I want to know, but I lack the resources for figuring it out. Here’s the data: roughly 90 billion people who have been born on earth have died. Roughly 7 billion people (all those who are alive today) have not. That’s over 7 percent of people who have ever been born who have not died. So, pretty good odds I’ll die someday (though of course I most resemble those who have not ever died), but not astronomically high. Except that all those alive today are in stages of life that at least some of the 90 billion dead were in before they died. So, how do I calculate this?
Here’s a relevant analogy (after the fold):
Suppose you and your friend are drawing balls from a tub and you notice that all of the ones you’ve drawn have the following pair of features: they start out red and then, at some point between 10 and 20 minutes after being withdrawn from the tub, turn green. Suppose you draw roughly 90 such balls from the tub and all of them share these two features. Now you draw 7 more balls from the tub. Your friend doesn’t look at the balls. You do. You see that they are red (as were the previous 90 balls). How certain should you be that the balls will end up green? Both you and your friend should be fairly certain; you should assign the proposition that the 7 new balls will end up green a very high probability. But your friend’s probability should be higher than yours. After all, as far as your friend knows, the balls are already green; they might just be normal green balls that end up green. But you know that, if the balls are normal balls, then they are normal red balls that end up red. So, the probability for you that the balls will end up green is lower than it is for your friend. After 20 minutes, if your friend looks and sees that the balls are now green, your friend should assign an even higher probability to the proposition that the 7 new balls will end up green. So, in turns of relative probability assignments, the proposition that the balls will end up green is the highest for your friend after your friend looks at them after 20 minutes. It is the second highest for your friend before your friend looks. And it is the third highest for you while you’re looking at them before 10 minutes is up and you see that they are red.

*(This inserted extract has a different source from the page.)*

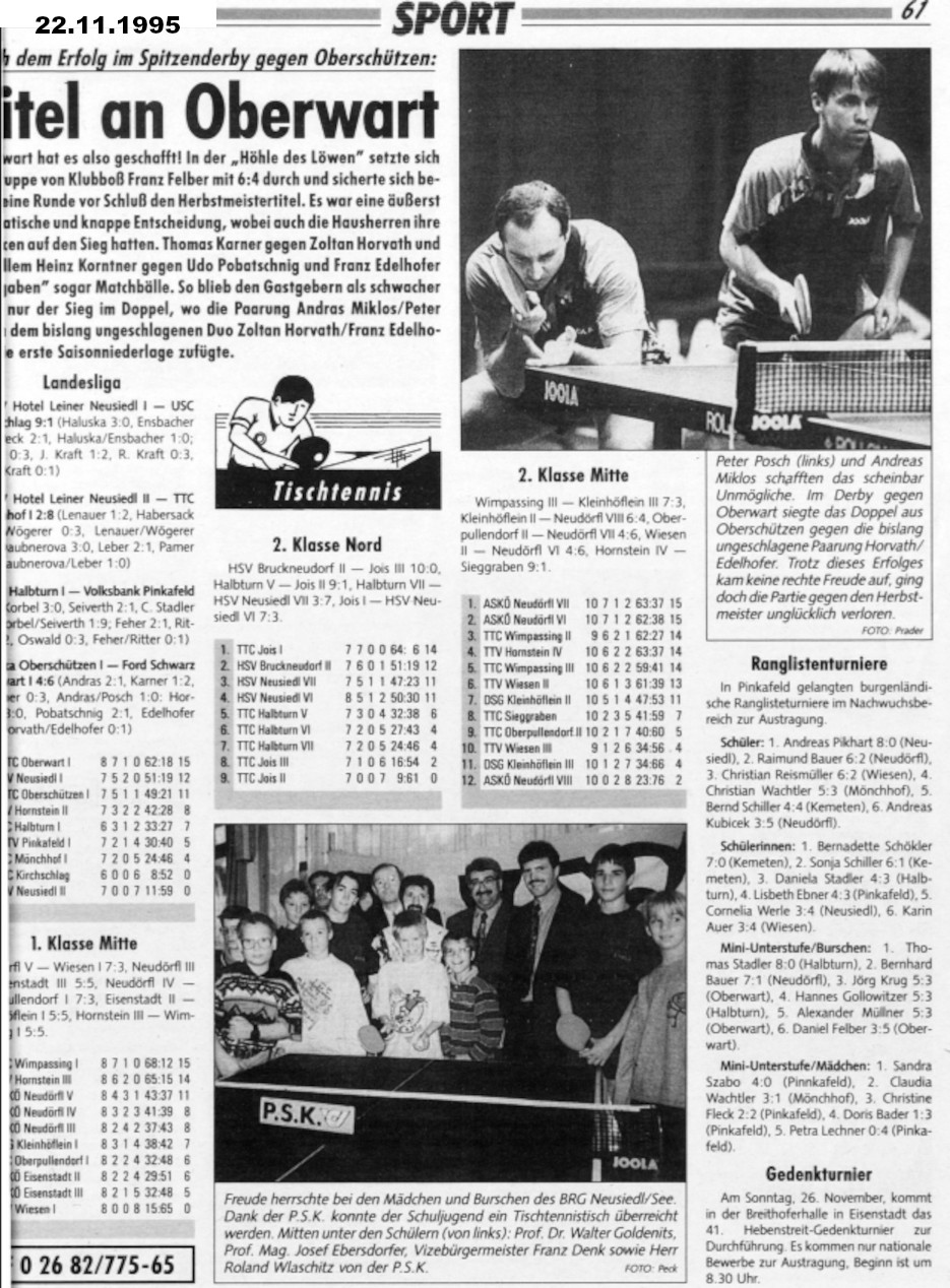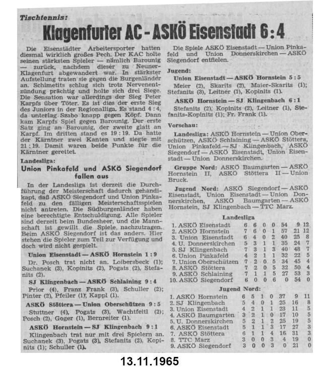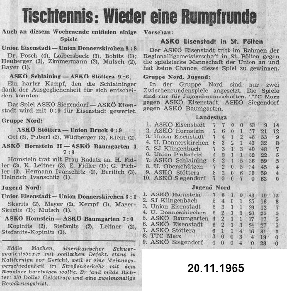 Was gab es für Tischtennis-Neuigkeiten vor 30, 40, 50 und 60 Jahren? Können Sie sich noch erinnern? Diesmal ist der November dran.

Suppose that the number of balls initially picked is not 90, but is 90 billion. And suppose that the number of new balls picked is not 10, but 7 billion. Here, the probability for each of you that the 7 billion new balls will all turn green is much higher. But the relative probability assignments remain the same: it is highest for your friend after looking after 20 minutes, second highest for your friend before looking, and third highest for you, when you look before 10 minutes is up and see that they’re all red
What are the relevant probabilities for you, and for your friend both before and after looking? Is this something that can be calculated without additional information?